Transient simulations and theoretical modeling of near-junction heat conduction in GaN-on-diamond HEMT

Under high-power working conditions, accurate predictions of the maximum temperature and thermal resistance distribution in devices during transient states are essential for monitoring the health status of the devices. In this work, the heat conduction characteristics of GaN-on-diamond high electron mobility transistors (HEMTs) near the junction region under transient conditions with thermal impedance are systematically investigated with the aid of finite element simulations and thermal impedance analyses. The effects of pulse characteristics, thermal properties of different layers on the maximum temperature and thermal resistance of the device are discussed specifically. The results show that pulse characteristics have a significant effect on the maximum temperature of the device. The shorter the pulse switching time is, the higher the maximum temperature will be. Regarding the effects of the thickness of the GaN layer, the maximum temperature initially decreases and then increases, with the lowest maximum temperature observed at 1.7 mu m. As the TBR increases uniformly from 10 to 40 m2K/GW, the temperature increases by approximately 4 % per 10 m2K/GW. The analyses on the thermal resistance show that the GaN layer occupies the largest proportion of thermal resistance, while the diamond substrate occupies the smallest.
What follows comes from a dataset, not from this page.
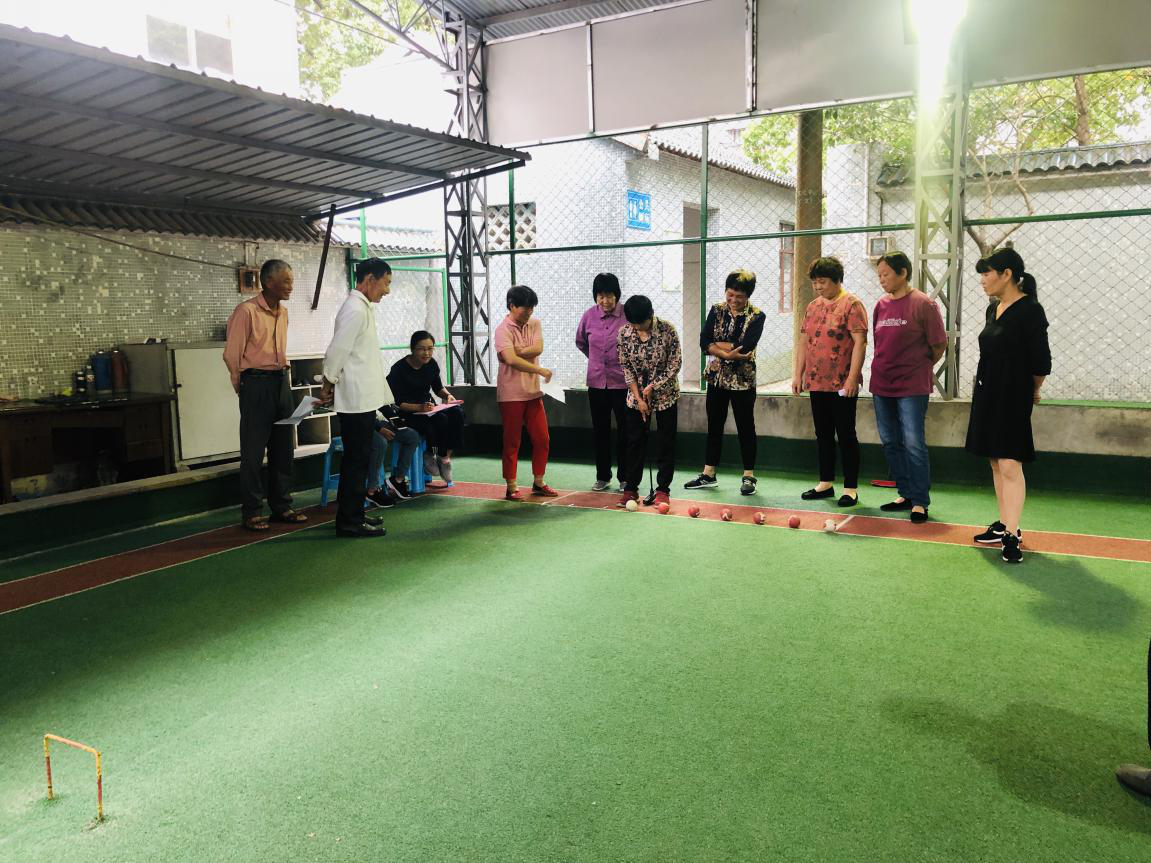 下午,南新庵村第二届老年趣味运动会吸引了12支代表队,近150位老年村民参加此次运动会。参加比赛的运动员年龄最大的83岁,最小的也有60岁。运动会现场可谓是热闹非凡,老人积极参与了门球、小篮球投篮和沙包投准等五个集趣味与健康一体的游戏,气氛融洽而热烈,赛场上不时传来老人们的欢笑声、喝彩声。

The optimal substrate thickness is obtained by analyzing the thermal penetration depth in the substrate for working conditions with various pulse widths. For diamond substrate, the optimal thickness at a pulse width of 5 mu s is about 25 mu m, and increases as the increase in pulse width. At the end, a modified Cauer RC model is proposed for predicting the transient maximum temperature based on heat spreading analysis. The difference between the maximum temperatures predicted by the model and the finite element simulations is within 8 %.